Phase velocity and source direction estimation using collocated measurements

Peter Gaebler

We introduce a study, in which the possibility of determining surface wave phase velocities and source directions from collocated measurements of translational and vertical rotational motions excited by ambient seismic noise sources is investigated.

Assuming plane, horizontally polarized shear waves, the information about the local phase velocity is contained in the amplitude ratio of transversal acceleration and rotation rate.

The first set of data consists out of data recorded at the geodetic observatory in Wettzell using the high quality rotational motion ringlaser sensor and the collocated STS2-broadband seismometer.
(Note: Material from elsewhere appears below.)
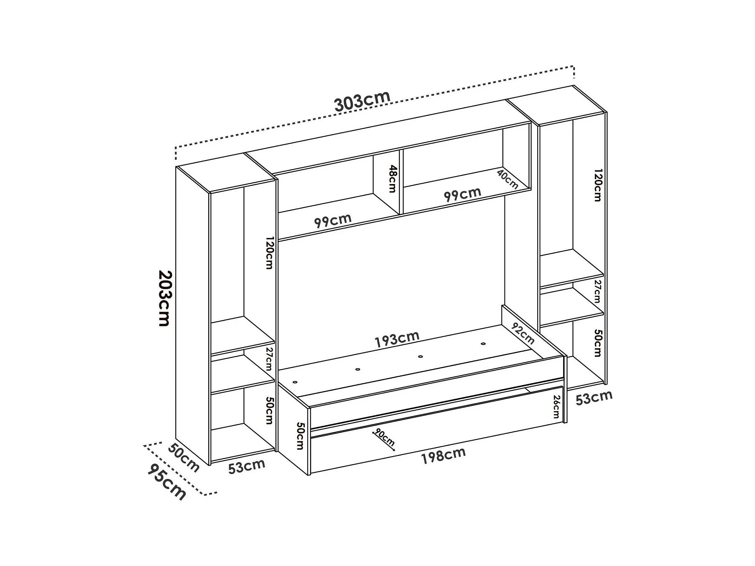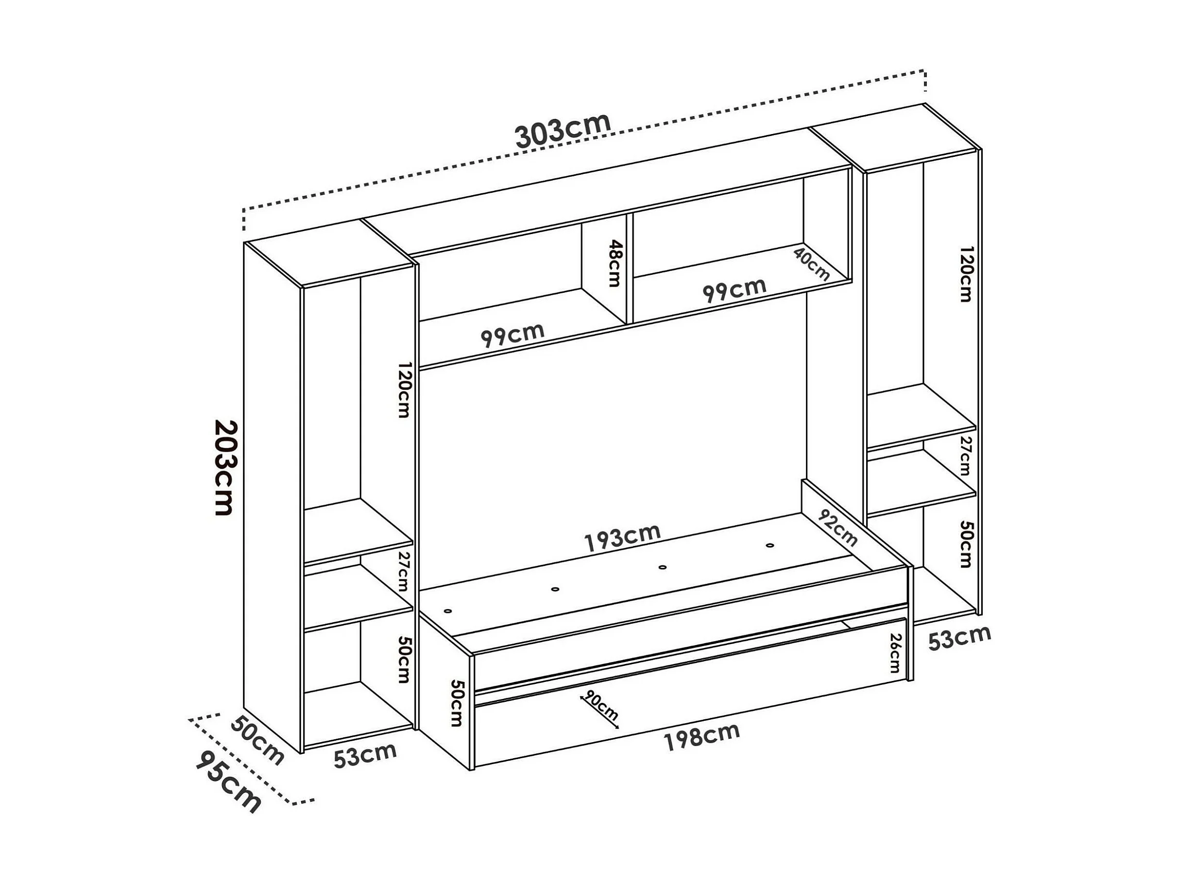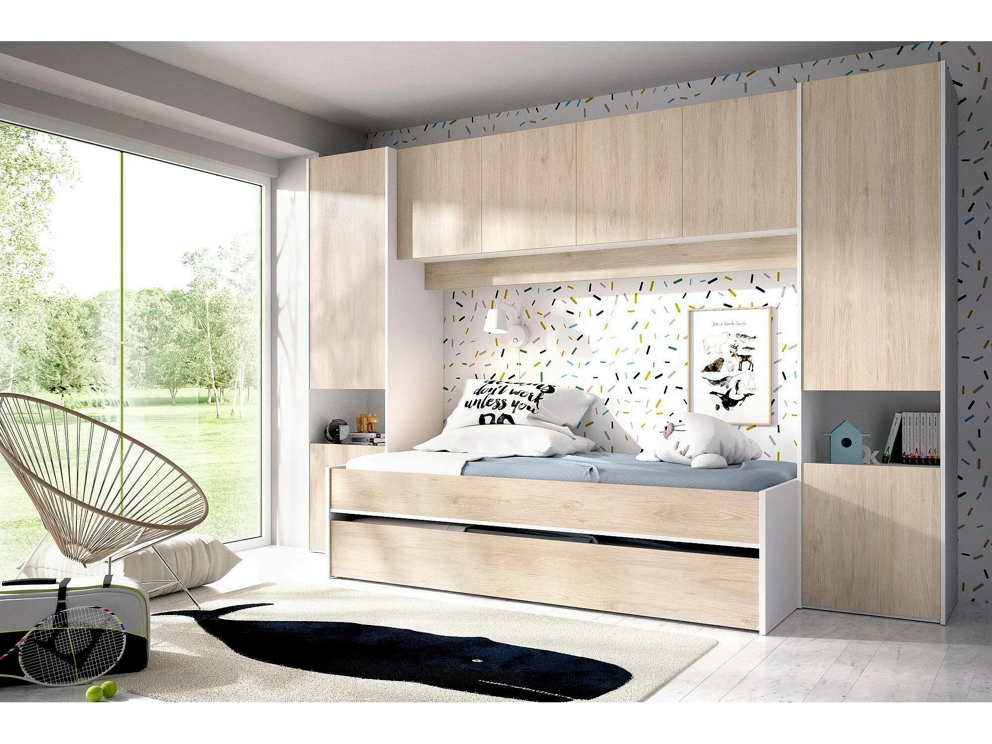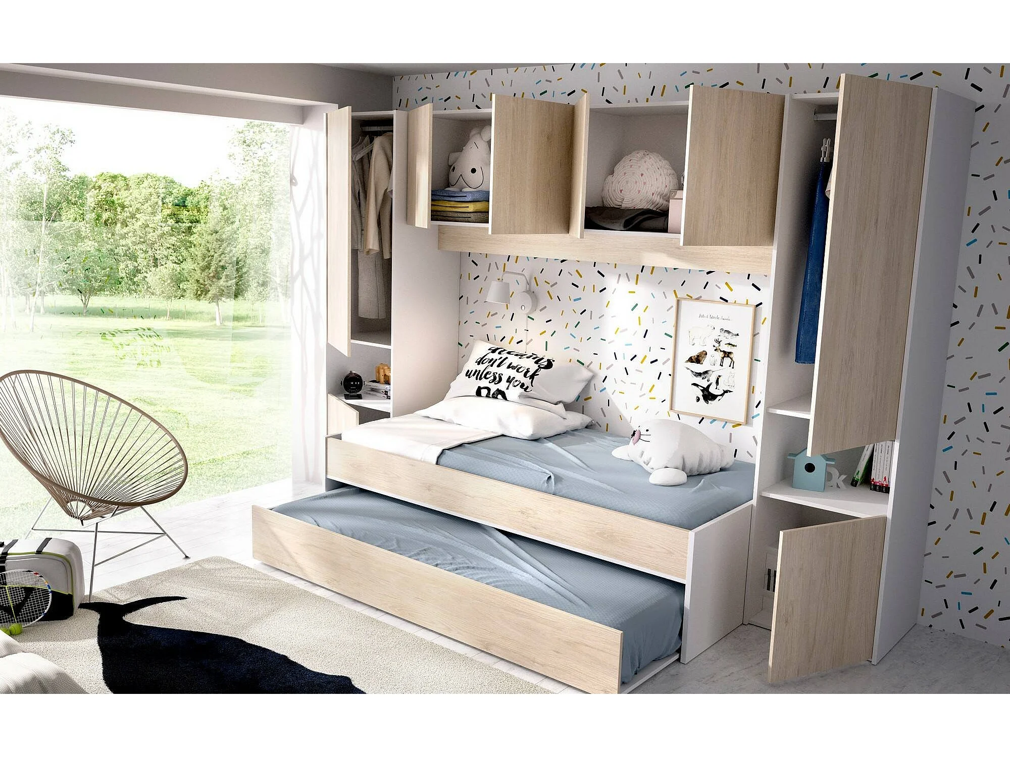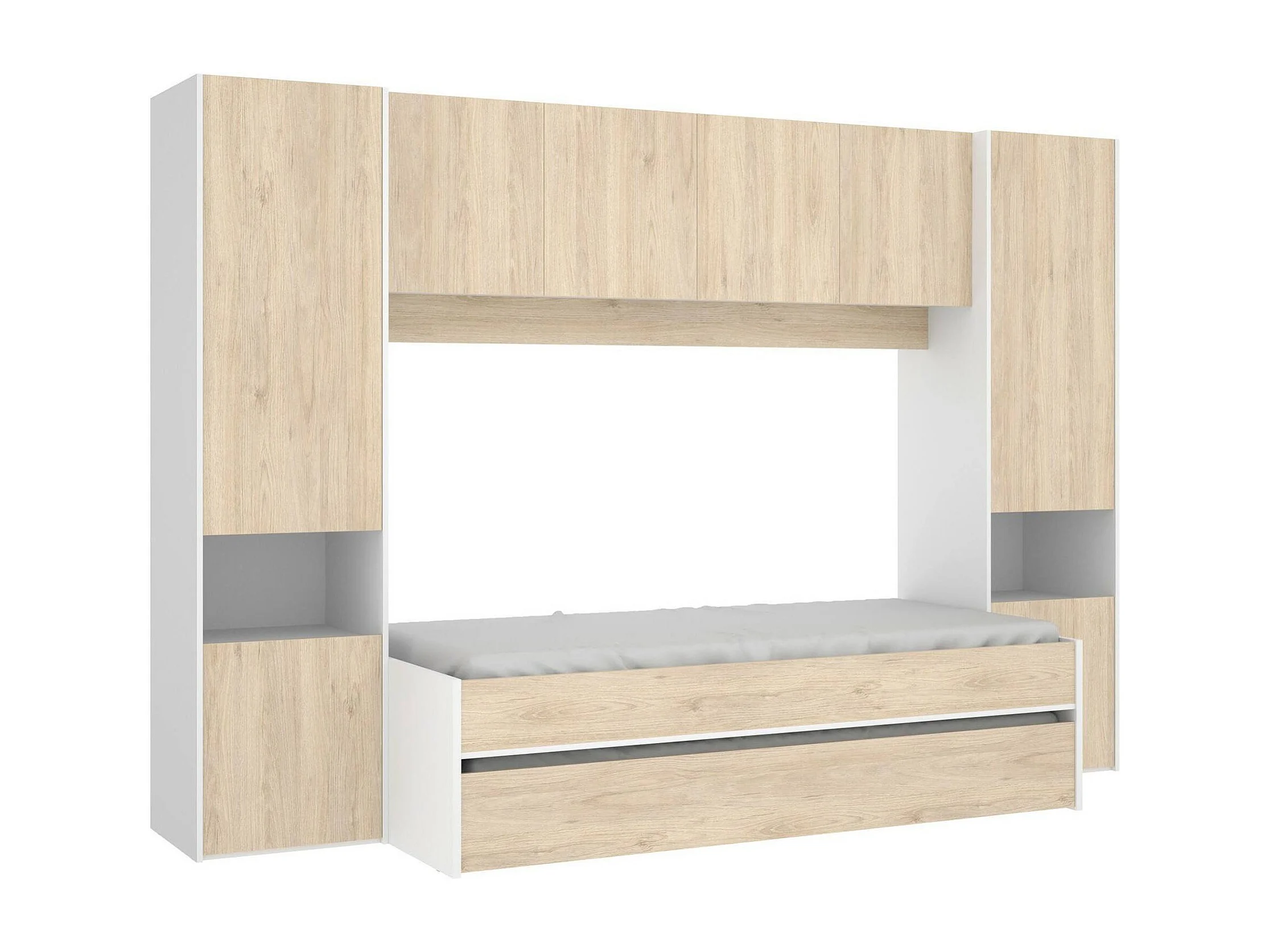 Lit enfant Venturosa, Chambre complète avec armoire bridge et commode, Composition avec lit et lit simple extractible, 303x97h203 cm, Chêne et Blanc

Data analysis shows the possibility of determining local phase velocities from ambient seismic noise data in the primary and secondary oceanic microseisms frequency band. Furthermore it is possible to estimate the backazimuthal direction of the generating areas of oceanic microseisms.

An additional data set was acquired using the portable angular motion sensor R1 and a Trillium compact broadband seismometer in field operation. Data analysis in the microseisms frequency band clearly showed the necessity of higher quality and more sensitive portable angular motion sensors. Investigations of ambient noise in the frequency band above 10 Hz were compared with results derived from seismic array measurements and show a clear consistency in the phase velocity estimation.